Welcome to the show folks...
A LITTLE PERSONAL NOTE
Today I made my last payment on my student loan.
Huzzah!
My degree is finally 100% mine.
Now maybe it might be worth something.
Anyway, you don't want to read about me, you want to read me ragging on people way richer than I am, so away we go...
LENOPRAH
Jay Leno will be sitting down with Oprah Winfrey to tell his side of the whole NBC late night debacle. It will be followed by a visit to Dr. Oz, who will retrieve Jay's nuts from the jar in Jeff Zucker's office, and try to reattach them, and attempt a dangerous integrity implant.
A FAMILY GUY GUILD AWARDS
Family Guy creator Seth McFarlane will host the Writer's Guild of America (West) awards this year.
His monologue will consist entirely of him saying: "You know this reminds me of the time..." and then someone will act out a lame visual gag involving Kathy Griffin farting.

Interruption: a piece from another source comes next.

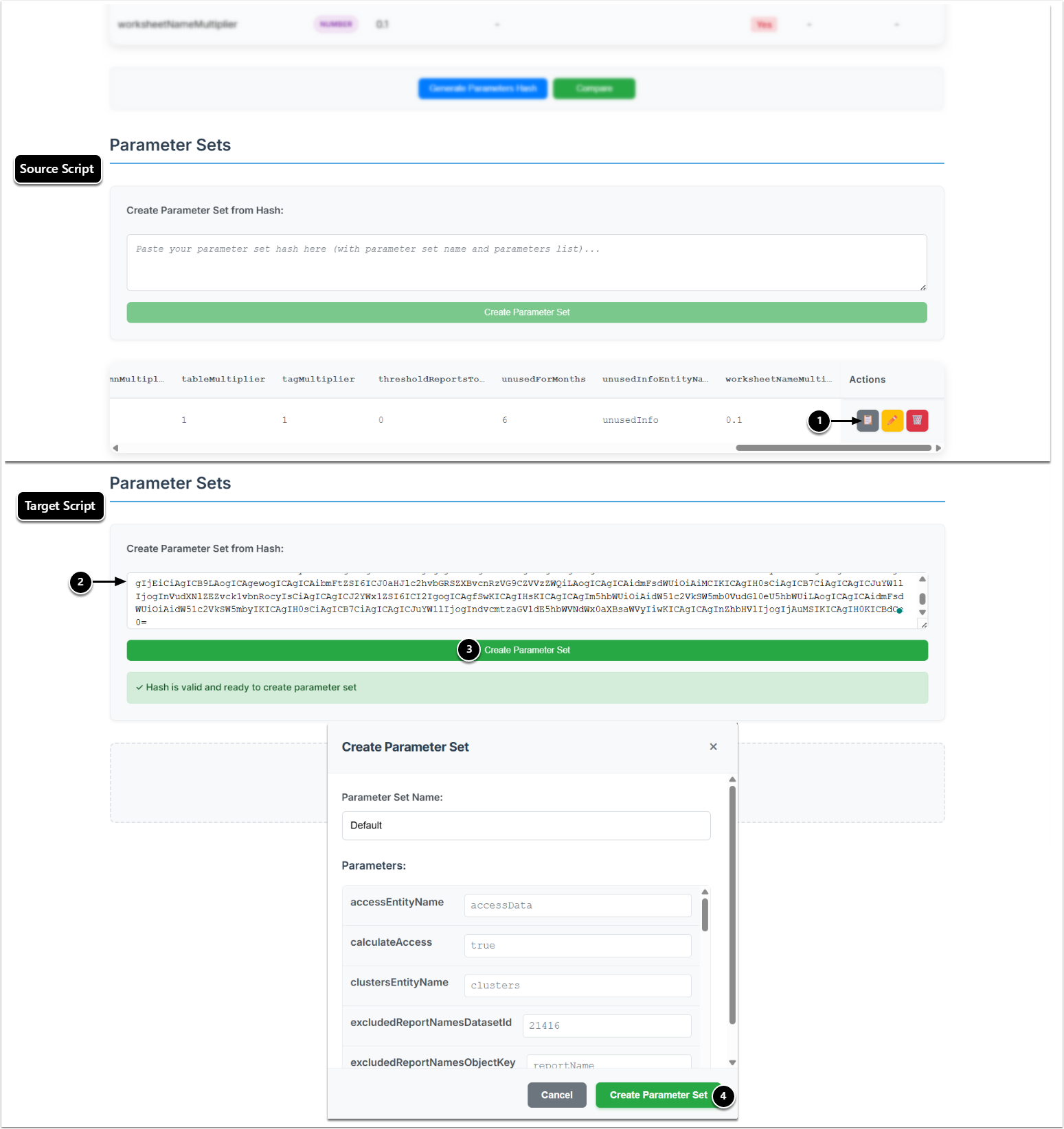 - Copy Parameter Set: Copy the hash from the source Custom Script.

WEINSTEINS WANT THEIR BABY BACK
And I'm not talking about baby back ribs. Though I can understand someone wanting to get their hands on some slow smoked baby back ribs...hmmmmm.....drool....
Oh, sorry, where was I?
Right! The Weinstein Co. wants to spend some other people's money buying back the name of their first company Miramax from Disney. Right now old Miramax is as moribund as a dodo, and TWC thinks it could bring back some of the old 90s magic to their beleaguered money pit.
I for one think it would be the corporate equivalent of painting the porch on a haunted house.
However, who am I to judge?
Oh, right, I'm an obnoxious internet know it all!
I judge everything!
D! I thought you were above such cheesecake but then I come to your site and find succulent, wet ribs glazed lustfully all over your front page??? For shame, sir!